Europe

Climate change is already evident in Europe, with temperatures rising faster than the global average, changing rainfall patterns, and a more intense hydrological cycle. In many regions, for example, groundwater and soil moisture are declining, while vegetation zones and growing seasons are shifting.
These changes call for a range of adaptation and mitigation strategies to enable climate‑neutral and risk‑resilient development. To achieve this, it is essential to assess climate‑related risks and the economic costs of their impacts. These assessments go hand in hand with modeling decarbonisation pathways and developing cross‑border management approaches for forests, agriculture, and water resources.

Our work in Europe

Assessing risks from natural disasters and climate extremes is closely linked to estimating both the direct and indirect costs of climate impacts. Our research develops methods and tools to evaluate these risks and costs across different sectors and regions. To support a climate‑smart transformation, we integrate adaptation and mitigation strategies into practical solutions that guide planning and decision‑making. This process also involves examining trade‑offs and synergies between different measures through dialogue with all stakeholders.
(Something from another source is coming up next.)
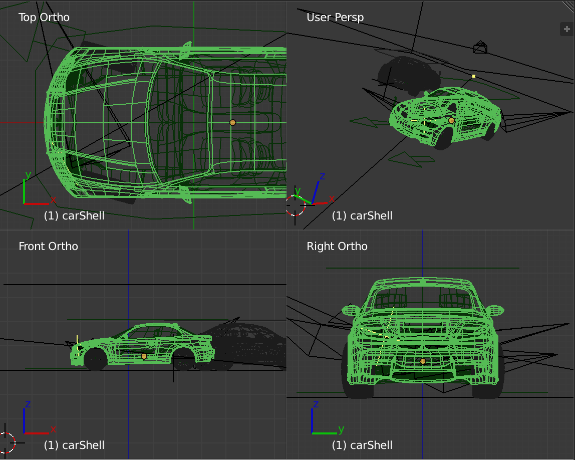 In the screenshot above you can see 1 view is a perspective view and 3 views are orthographic views.

Beyond addressing socio‑economic transformations, we explore how human and natural systems can be managed sustainably under changing climatic conditions. Resilient forests and agricultural landscapes are vital for both delivering renewable resources—such as engineered timber for sustainable construction—and maintaining ecosystem services like carbon storage. By modelling alternative management scenarios, we provide a scientific basis for informed, long‑term decisions.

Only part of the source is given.